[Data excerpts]
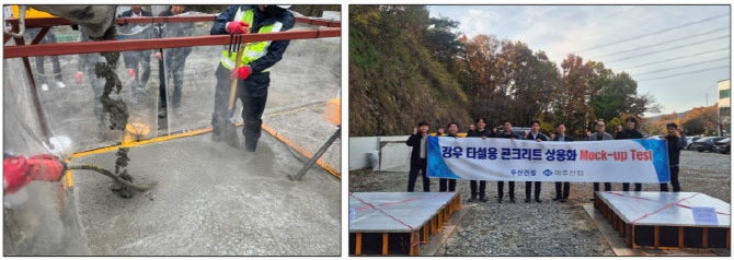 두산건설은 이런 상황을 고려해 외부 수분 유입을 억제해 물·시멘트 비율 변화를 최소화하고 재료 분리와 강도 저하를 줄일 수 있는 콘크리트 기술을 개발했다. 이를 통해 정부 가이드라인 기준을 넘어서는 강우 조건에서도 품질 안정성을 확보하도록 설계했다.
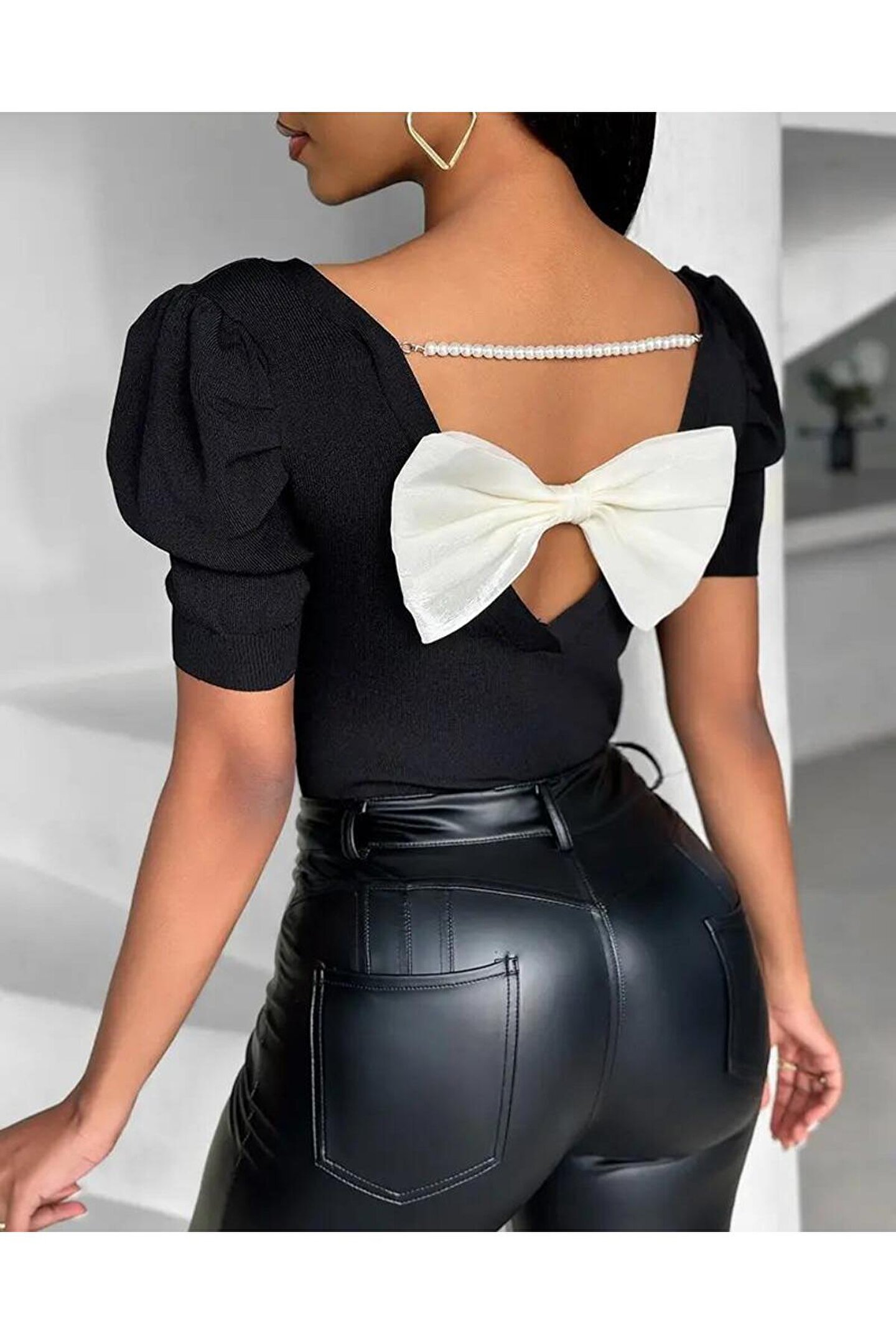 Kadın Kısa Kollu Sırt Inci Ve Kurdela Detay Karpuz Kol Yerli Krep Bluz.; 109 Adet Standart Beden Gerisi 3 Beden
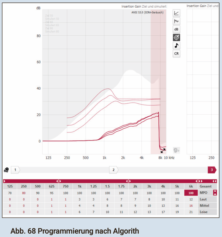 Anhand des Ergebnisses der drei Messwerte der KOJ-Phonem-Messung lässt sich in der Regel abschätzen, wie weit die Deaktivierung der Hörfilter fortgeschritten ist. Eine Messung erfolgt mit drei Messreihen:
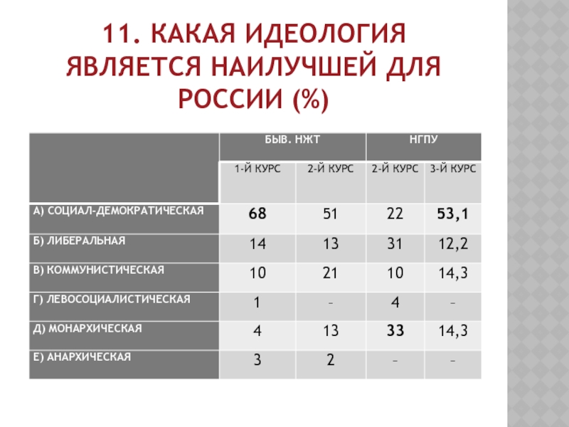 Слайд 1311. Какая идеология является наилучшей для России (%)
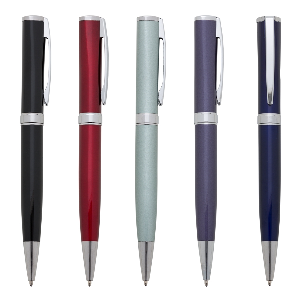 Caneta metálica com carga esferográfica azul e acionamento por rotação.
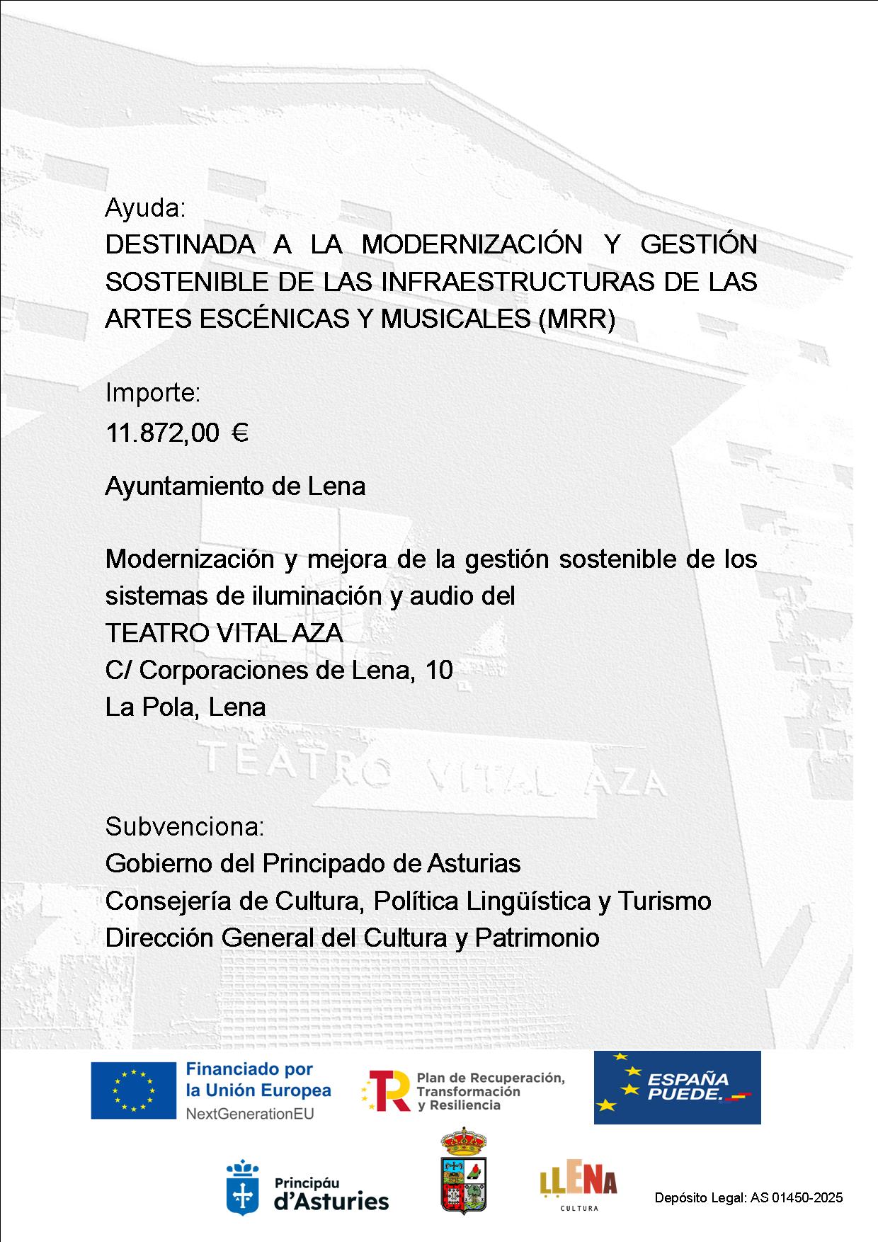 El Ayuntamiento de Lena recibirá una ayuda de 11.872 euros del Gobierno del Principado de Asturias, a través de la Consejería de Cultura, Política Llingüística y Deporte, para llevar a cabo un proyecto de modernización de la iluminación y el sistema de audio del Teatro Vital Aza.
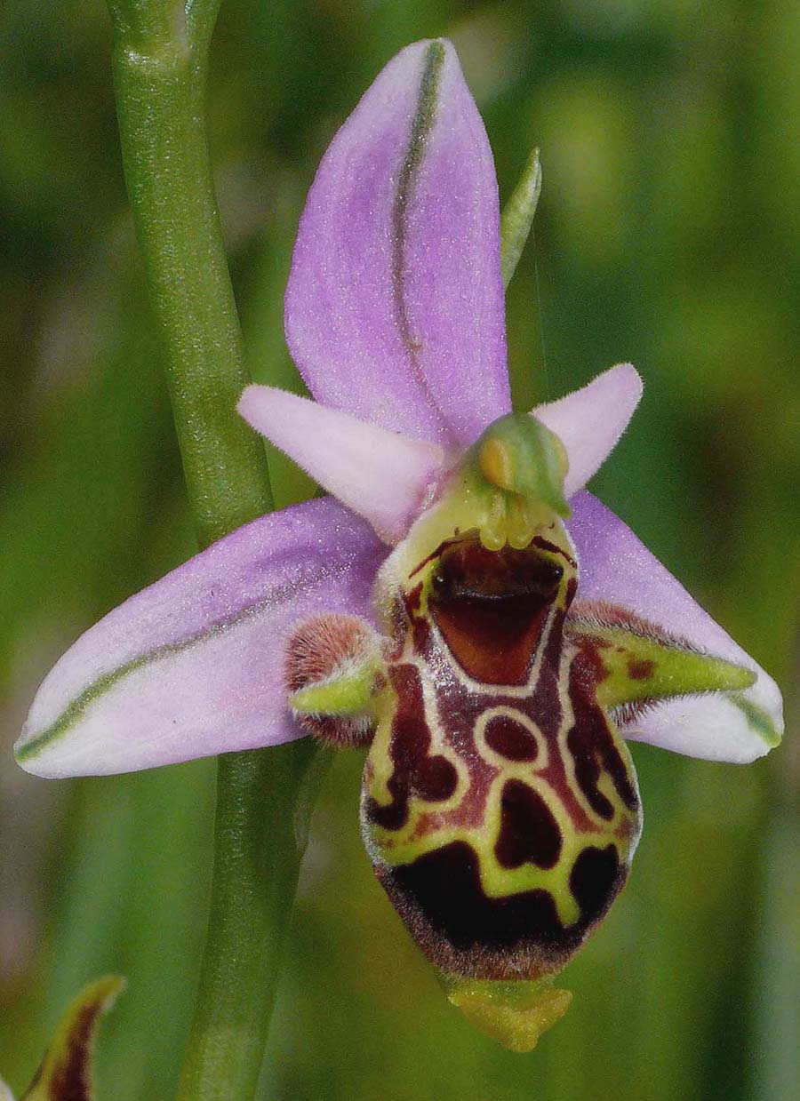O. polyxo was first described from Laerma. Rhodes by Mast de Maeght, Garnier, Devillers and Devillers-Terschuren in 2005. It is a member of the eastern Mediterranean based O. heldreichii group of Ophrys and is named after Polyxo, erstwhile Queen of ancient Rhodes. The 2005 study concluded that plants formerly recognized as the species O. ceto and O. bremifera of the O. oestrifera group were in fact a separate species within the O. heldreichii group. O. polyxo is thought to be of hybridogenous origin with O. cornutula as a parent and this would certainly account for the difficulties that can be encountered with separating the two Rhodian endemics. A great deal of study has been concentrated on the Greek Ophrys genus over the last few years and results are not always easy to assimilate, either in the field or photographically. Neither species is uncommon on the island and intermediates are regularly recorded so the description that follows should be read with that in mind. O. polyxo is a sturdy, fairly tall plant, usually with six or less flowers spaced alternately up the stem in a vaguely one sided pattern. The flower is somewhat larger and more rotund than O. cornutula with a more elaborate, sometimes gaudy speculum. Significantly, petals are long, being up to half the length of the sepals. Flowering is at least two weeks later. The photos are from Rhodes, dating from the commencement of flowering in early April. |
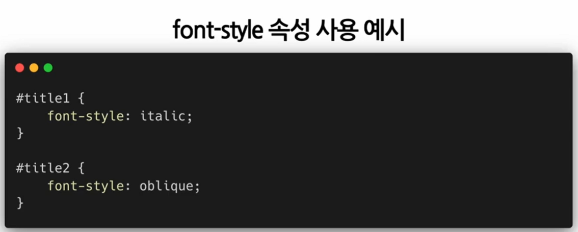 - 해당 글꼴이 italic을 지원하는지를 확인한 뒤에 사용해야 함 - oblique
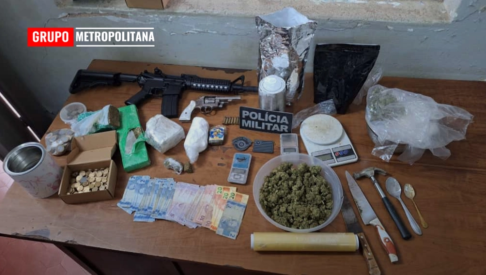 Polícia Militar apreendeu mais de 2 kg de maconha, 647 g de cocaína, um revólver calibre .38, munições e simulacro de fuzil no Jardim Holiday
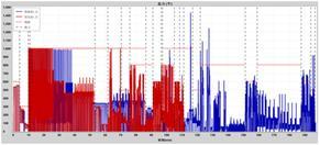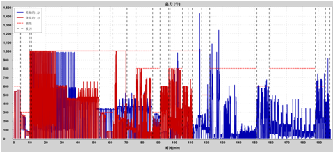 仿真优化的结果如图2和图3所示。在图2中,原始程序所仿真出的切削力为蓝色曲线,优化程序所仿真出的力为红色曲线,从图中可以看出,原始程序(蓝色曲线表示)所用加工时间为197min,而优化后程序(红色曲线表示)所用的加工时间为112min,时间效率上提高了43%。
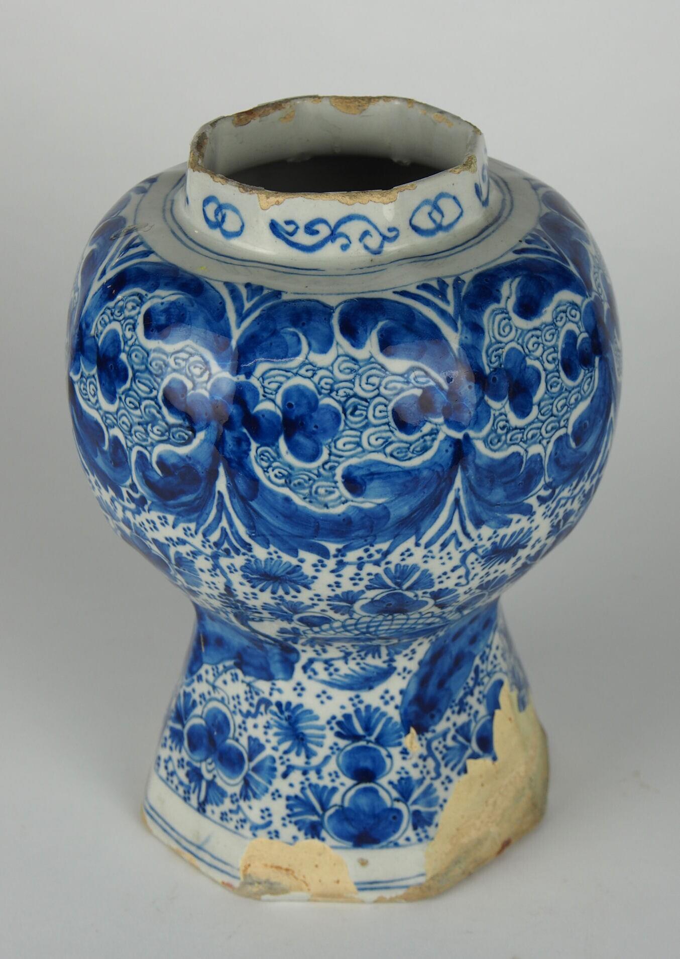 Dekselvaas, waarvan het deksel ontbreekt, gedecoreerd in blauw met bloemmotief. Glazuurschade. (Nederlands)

■ **Exercise requirements**:
Omitting all pictures, restate word for word the lines from the one containing "仿真优化的结果如图2和图3所" through the last line of the data.

■ **Output for this exercise**:
 仿真优化的结果如图2和图3所示。在图2中,原始程序所仿真出的切削力为蓝色曲线,优化程序所仿真出的力为红色曲线,从图中可以看出,原始程序(蓝色曲线表示)所用加工时间为197min,而优化后程序(红色曲线表示)所用的加工时间为112min,时间效率上提高了43%。
 Dekselvaas, waarvan het deksel ontbreekt, gedecoreerd in blauw met bloemmotief. Glazuurschade. (Nederlands)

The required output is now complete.